Synchronizing with Host Accessor Failed

Hello friends,

I was working with some SYCL code and I tried the memory synchronization by using an host accessor on the host side, but it did not work. I don’t know why, because if I add a scope around the buffer creation and kernel function everything is fine.
This is the code:

cl::sycl::gpu_selector device;
cl::sycl::queue Q{device};
std::cout << "Running on "
    << Q.get_device().get_info<sycl::info::device::name>()
    << "\n";
constexpr int N = 10;
std::vector<float>vector(N);
for(int i=0; i<N; i++){
    vector[i] = 100.0;
}

cl::sycl::buffer<float,1> buffVec(vector.data(),vector.size());

    //WE DO NOT USE SCOPE
Q.submit([&](cl::sycl::handler &cgh){
    //Create accesors to data
    auto acc = buffVec.get_access<cl::sycl::access::mode::read_write>(cgh);
     cgh.parallel_for<vec_mult>(cl::sycl::range<1>(N), [=](cl::sycl::id<1> index){
		acc[index] *=2.0;
	});
});

buffVec.get_access<cl::sycl::access::mode::read>(); //<--- Host accessor to Synchronize memory


 for(int i=0; i<N; i++){
   std::cout<<vector[i]<<std::endl;
}

Thanks for your support

Hi @nullpointer,

So the reason this isn’t doing what you expect is that by default host accessor don’t synchronize the data to the original host pointer as the buffers do on destruction. They simply make the data available on the host via the host accessor object, and this may be done via some internal allocation to the SYCL runtime.

There is a property which can be passed to a buffer object on construction called property::buffer::use_host_ptr which will prohibit the SYCL runtime from allocating memory and instead use the original host pointer. Using this property would give you the behaviour you are looking for, as it requires the accessor subscript operator to return the same address as the original host pointer.

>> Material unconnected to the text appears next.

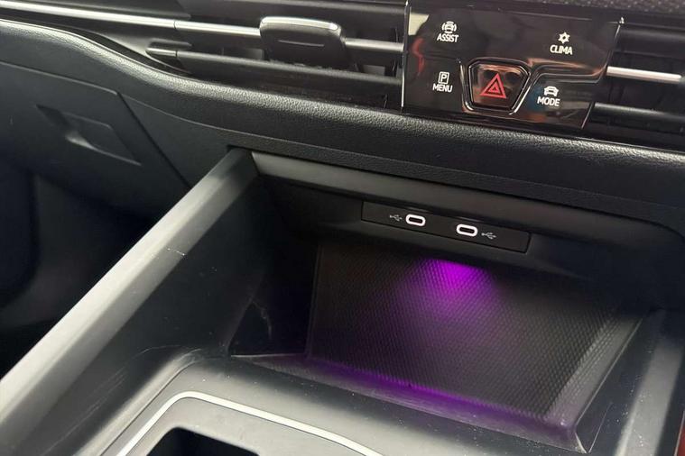 Adaptive cruise control (ACC) with speed limiter and front assist (reacting to vehicles pedestrians and cyclists), Car2X communication, Digital cockpit pro - 10.25" high resolution TFT dash display screen with customizable menus and information, Driver alert system, Dynamic road sign display, eCall - Emergency call service for SOS calls to emergency response, Lane assist, Mobile phone interface with wireless inductive charging function, PAS, Speedo, rev counter, electronic odometer, trip, service interval display, exterior temperature and fuel gauge, Start/Stop function, USB-C ports in the front and rear centre console with increased charging performance, Warning buzzer and light for front seatbelts unfastened, Wireless app connect, Petrol Particulate Filter, XDS electronic differential lock for improved traction and handling, Premium USB cable in choice of either Apple or Android smartphone compatibility, Ambient lighting, exterior illuminated styling elements at the sides, Auto dimming rear view mirror, Automatic headlamp activation with Coming home and Leaving home feature, Automatic headlights, Body colour door handles, Body colour door mirrors with integrated indicators, Body colour rear roof spoiler, Dynamic headlight range control, Electrically heated and adjustable door mirrors with memory feature, Front and rear electric windows, Heat insulating glass windscreen, Heated rear windscreen, High level 3rd brake light, Highway light, LED daytime running lights, LED headlights incorporating turn signals, LED License plate illumination, R Line body coloured bumpers, Rain sensor, Rear fog light on one side and reversing lights on both sides, Rear lights incorporating LED technology, Rear side wing doors, Rear tinted glass 65% light absorbing from B pillar backwards, Rear windscreen washer and wiper with interval delay, Welcome light, 12V socket in front centre console, 12V socket in luggage compartment, 3 rear head restraints, 3 seat bench in 2nd row, Ambient lighting - Customisable 30 colour ambient lighting, Black roof lining, Brushed stainless steel pedals, Chrome plated surround to electric mirror button, window switch and air vent surrounds, Drivers and front passengers sun visors with vanity mirrors, Front + rear carpet mats, Front centre armrest with storage compartment, Front cupholders x 2, Front passenger seat, Front reading lights x 2 incorporating LED technology, Front seat lumbar support adjuster, Front sports seats, Glovebox, Height adjustable front seats, Height and reach adjustable steering wheel, Isofix child seat preparation for 2 rear child seats and front passenger seat, Luggage compartment lighting, R Line door and side trim panel, R Line front seats integrated head restraints, R-Line leather wrapped multi function sports heated steering wheel, Removable luggage compartment cover, Sardegna cloth upholstery with front and outer rear seats Art Velour inner sides of bolsters, Split folding backrest with centre armrest and unsplit rear seat bench, Woven fabric storage compartments in front and rear doors, 3 point height adj front seatbelts + pretensioners, 3 rear three point seatbelts, ABS, Child locks on rear doors, Driver and front passenger airbag with front passenger airbag deactivation, Drivers and front passengers safety optimised head restraints, Electronic parking brake with auto hold, ESC (Electronic Stability Control), Extended pedestrian protection measures, Front and rear passengers curtain airbag system including front side airbags, Front disc brakes, Rear disc brakes, Two tone horn, Tyre pressure monitoring system, Alarm with interior protection and deactivation via infotainment system, Electronic engine immobiliser, Carbon grey decorative inserts in dash and front door trim panels, High gloss black centre console, Soul dashboard,

However, it’s important to be careful of the scope of host accessors, especially when using this approach to access the data via the original host pointer. The data is only made available on the host and subsequently is only accessible via the original host pointer if using the property::buffer::use_host_ptr property, for the lifetime of the host accessor. This means once the object is destroyed the runtime is free to move the data asynchronously and therefore accessing the original pointer is undefined behaviour. So it’s best practice to keep the host accessor object alive for the duration of the access to the data, before releasing it back to the SYCL runtime.

I hope this helps, please let me know if you have any questions.

Gordon

1 Like

Hello Gordon,

Thanks for your answer, I really appreciate it. Now I know I was understanding the use of the host pointer accessor in a wrong way ( I saw this approach in a web page: Coding Games and Programming Challenges to Code Better). So, they say that the use of scopes “{}” will destruct the buffer and synchronize the memory… but what do you recommend?

Sorry for this inconvenience I’m new with SYCL

-Juan

Hello Juan,

Not at all, we’re very happy to help.

Thank you for sharing this link, I suspect this advice regarding synchronization with the host via host accessors is relying on an implementation detail of DPC++, so while that will work with DPC++, it may not be portable to other SYCL implementations. The advice regarding synchronization with the host via the buffer destructor is correct.

Generally we recommend that if you wish to read or modify the state of the data on the host between kernels to use host accessors, but use the host accessor object itself to read or modify elements of the data via the subscript operator, and if you wish to have the data copied back to the original pointer after the kernels are complete to use scope to destroy the buffer before accessing the original pointer directly.

Using the property::buffer::use_host_ptr as described above is also another alternative to using host accessors, though this approach does have implications for achieving pinned memory, for more details on this see Codeplay Developer - ComputeCpp CE - Guides - Memory Model

I hope this helps, please let me know if you have any questions.